# Data for the task
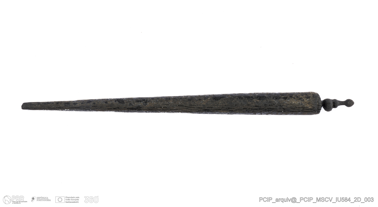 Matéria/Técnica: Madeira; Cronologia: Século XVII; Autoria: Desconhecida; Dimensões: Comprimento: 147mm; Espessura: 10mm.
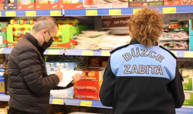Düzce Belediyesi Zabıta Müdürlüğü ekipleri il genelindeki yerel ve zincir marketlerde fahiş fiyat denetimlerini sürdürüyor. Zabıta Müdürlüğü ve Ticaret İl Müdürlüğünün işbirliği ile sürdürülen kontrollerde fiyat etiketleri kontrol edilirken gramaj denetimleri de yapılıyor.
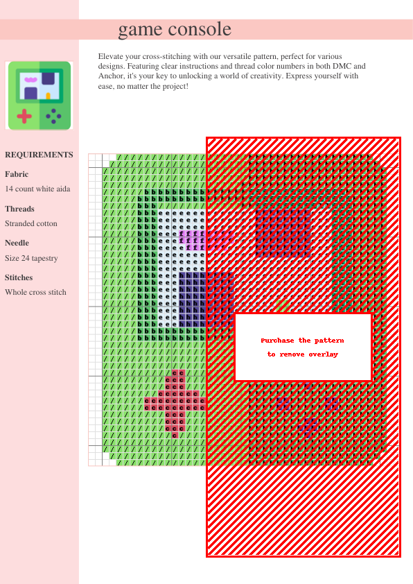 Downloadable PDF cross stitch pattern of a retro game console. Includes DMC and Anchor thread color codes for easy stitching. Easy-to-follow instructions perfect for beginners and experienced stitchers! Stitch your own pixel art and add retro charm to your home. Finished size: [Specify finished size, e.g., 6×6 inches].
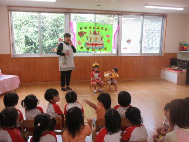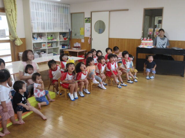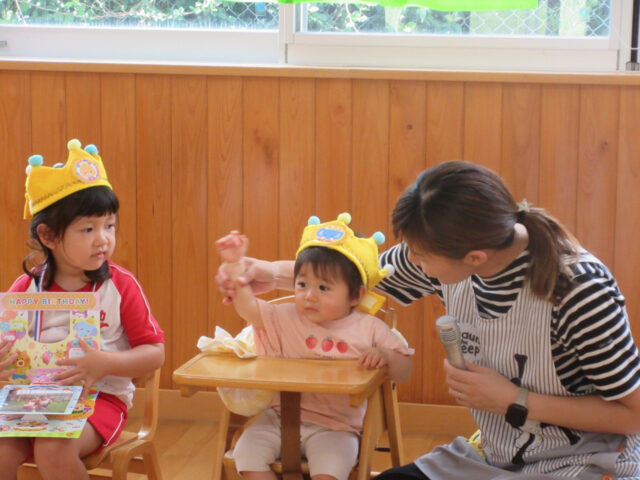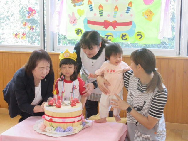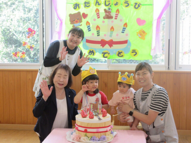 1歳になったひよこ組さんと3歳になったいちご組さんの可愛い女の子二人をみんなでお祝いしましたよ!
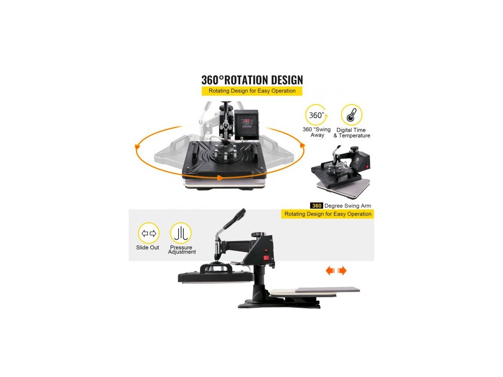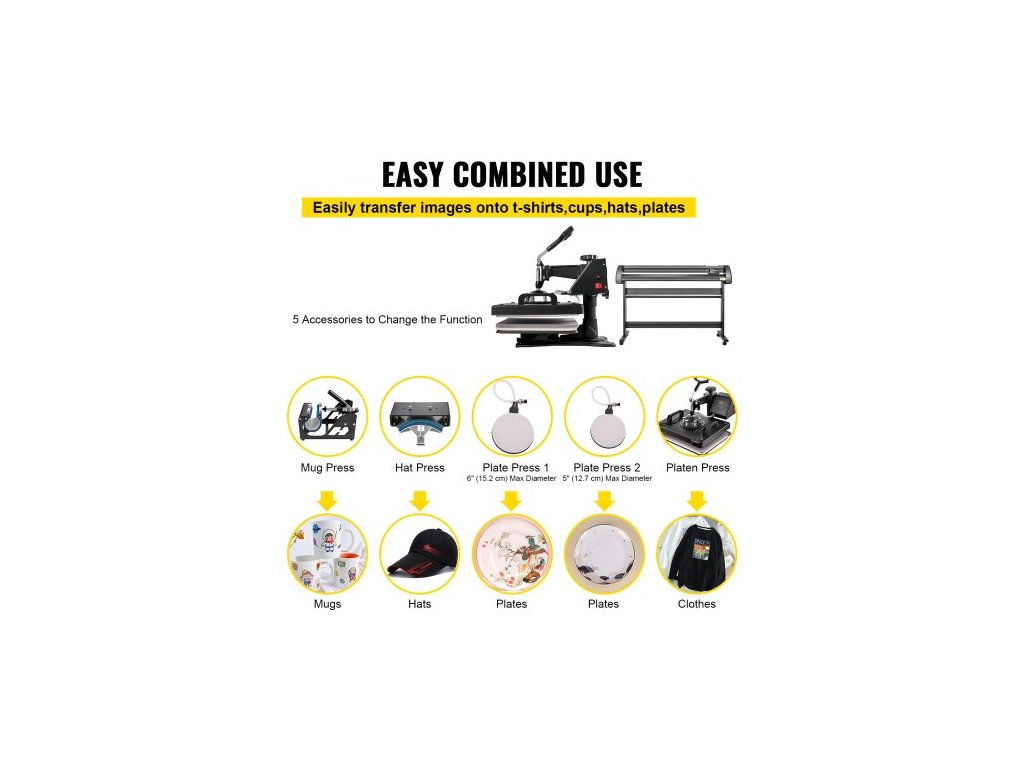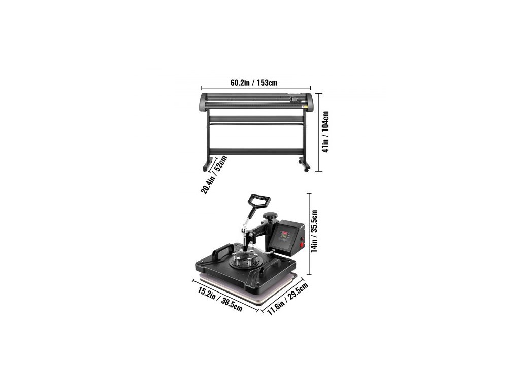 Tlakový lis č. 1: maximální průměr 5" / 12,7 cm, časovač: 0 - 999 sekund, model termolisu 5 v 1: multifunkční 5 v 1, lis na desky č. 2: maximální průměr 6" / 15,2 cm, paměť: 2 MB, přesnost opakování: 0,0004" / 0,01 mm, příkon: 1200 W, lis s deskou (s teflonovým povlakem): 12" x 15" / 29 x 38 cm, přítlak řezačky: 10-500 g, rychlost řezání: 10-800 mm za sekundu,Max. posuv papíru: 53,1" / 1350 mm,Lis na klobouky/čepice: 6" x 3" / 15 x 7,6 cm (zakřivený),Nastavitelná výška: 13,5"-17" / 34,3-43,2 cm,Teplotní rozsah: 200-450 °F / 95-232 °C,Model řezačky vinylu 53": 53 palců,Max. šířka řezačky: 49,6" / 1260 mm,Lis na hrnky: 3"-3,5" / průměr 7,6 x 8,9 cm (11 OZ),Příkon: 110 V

# Task statement
Can the lines from the start of the records through the line with "Düzce Belediyesi Zabıta" be given again exactly, with the pictures left out?

# Task solution
 Matéria/Técnica: Madeira; Cronologia: Século XVII; Autoria: Desconhecida; Dimensões: Comprimento: 147mm; Espessura: 10mm.
Düzce Belediyesi Zabıta Müdürlüğü ekipleri il genelindeki yerel ve zincir marketlerde fahiş fiyat denetimlerini sürdürüyor. Zabıta Müdürlüğü ve Ticaret İl Müdürlüğünün işbirliği ile sürdürülen kontrollerde fiyat etiketleri kontrol edilirken gramaj denetimleri de yapılıyor.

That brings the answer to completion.